Watching Woolf, it’s easy to say, “people were worried about such different things back then” — contemporary love horror stories seem to focus more on the disconnected/gamified state of dating rather than the pressures of marriage. So it’s odd for a movie’s themes that now seem so disconnected from contemporary reality (or at least, the liberal mindset of contemporary reality) to still be threatening their governance over our reality. Watching Woolf, in which character action feels very propelled by era, and which — in its heightened, witticism-and-insult-heavy style — specifically attacks that era, one becomes aware of the total splitting of American realities since that time.

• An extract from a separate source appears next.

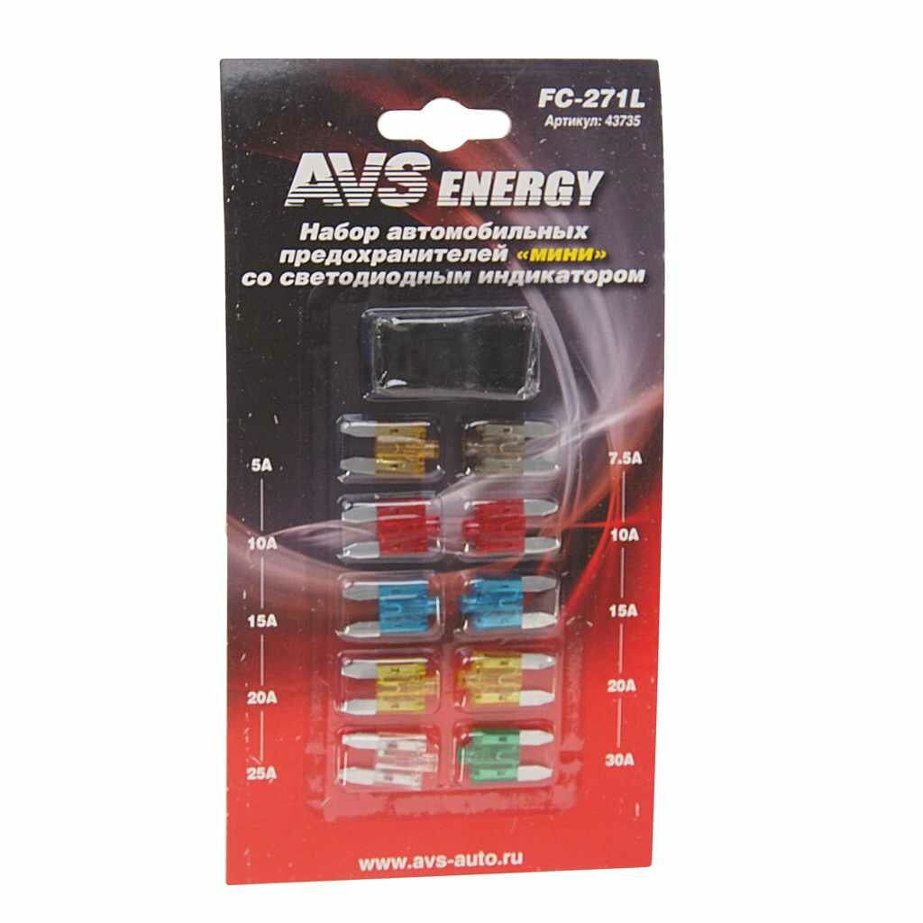 Предохранители автомобильные AVS "Мини", 5-30 А, со светодиодом, FC-271L, 10 шт

In recent years, ten states have made major strides in defunding Planned Parenthood, and 24 altogether are looking to do so, regardless of the fact that that may, according to the Obama administration, be in violation of federal law. Major parts of the campaigns of both previous campaigning candidate Ted Cruz and now (very waveringly) Donald Trump have involved antagonizing women’s reproductive rights. If postwar prosperity and the idea of retaliating against an era of mass tragedy by populating the world with babies is what led to the idealization of parenthood in the ’50s, the fervent protection of the nuclear family — and the idea that babies that don’t even exist yet are more important than the lives of women that do — has shifted over the years to have more strictly religious connotations and defenses. Though the general prizing of procreative norms has dwindled (thanks, overpopulation fears!), so has the need for separation of church and state in the Right’s eyes — and thus the intense pushes for both anti-abortion legislation and sanctity-of-marriage legislation. (DOMA may have been repealed, but Cruz certainly wanted to reinstate anti-gay-marriage laws, and Trump, as a manipulative panderer, has again wavered on issues of LGBT rights.)
The country now operates within separate realities — one where hetero nuclear familial norms are deeply internalized by religion, and one where they aren’t. As baby-booming and the protection of the sanctity of the nuclear family has shifted to become the norm only among the religious Right, the American Left still finds itself antagonized by that side of the country’s now-split consciousness. In Woolf, failing to live up to an overarching societal ideal is internalized by the film’s liberal-minded characters. Now, the antagonism still exists, but it’s coming externally. The film’s self-consciously sharp critique may feel a little duller in this day and age to the liberal audiences who’d likely watch it, but the fact that it does feel that way suggests that while these anxieties may not be as huge a part of our consciousness as to make this movie resonate as much, they’re now weighing on us from the other side of a vastly split national reality.
(Who’s Afraid of Virginia Woolf was released on Blu-Ray in May.)